Segment Start: Supplied entries

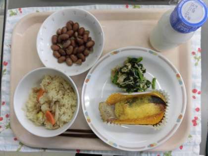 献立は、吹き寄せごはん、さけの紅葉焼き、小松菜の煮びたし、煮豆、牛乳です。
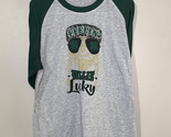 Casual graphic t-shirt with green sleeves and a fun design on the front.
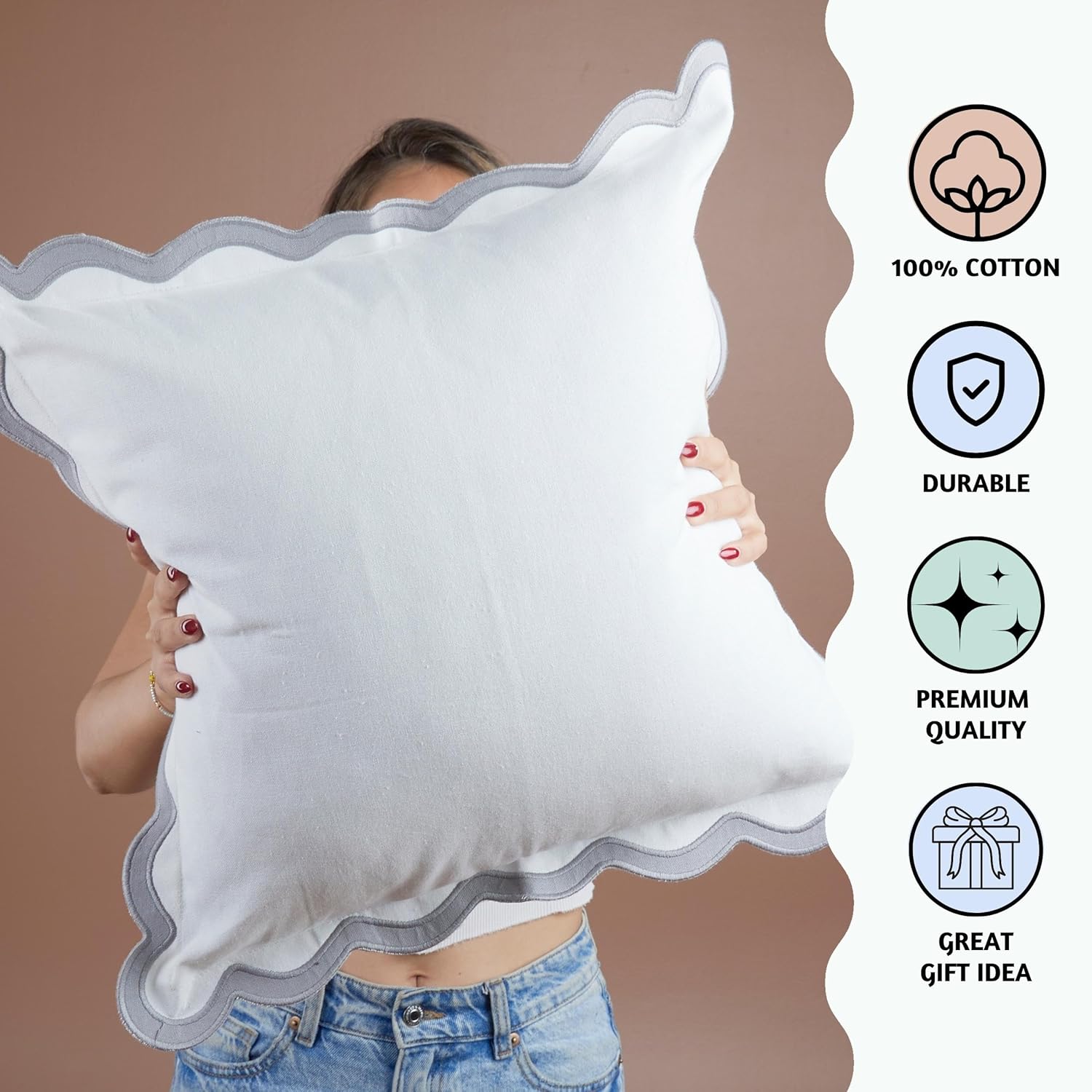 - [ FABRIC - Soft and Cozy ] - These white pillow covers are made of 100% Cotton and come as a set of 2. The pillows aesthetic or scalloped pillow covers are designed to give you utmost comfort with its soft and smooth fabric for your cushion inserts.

Segment End: Supplied entries
Segment Start: Supplied entries

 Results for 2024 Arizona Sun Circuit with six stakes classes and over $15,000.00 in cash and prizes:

Segment End: Supplied entries
Segment Start: Supplied entries

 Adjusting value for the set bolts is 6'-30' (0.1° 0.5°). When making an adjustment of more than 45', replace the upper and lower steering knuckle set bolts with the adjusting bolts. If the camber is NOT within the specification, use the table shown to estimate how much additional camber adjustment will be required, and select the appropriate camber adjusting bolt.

Segment End: Supplied entries

- What is expected
Copy the lines above exactly, starting at the one with "Casual graphic t-shirt" and ending at the one with "- [ FABRIC - Soft", both included. Leave out any pictures and add nothing else.

- Written reply
 Casual graphic t-shirt with green sleeves and a fun design on the front.
 - [ FABRIC - Soft and Cozy ] - These white pillow covers are made of 100% Cotton and come as a set of 2. The pillows aesthetic or scalloped pillow covers are designed to give you utmost comfort with its soft and smooth fabric for your cushion inserts.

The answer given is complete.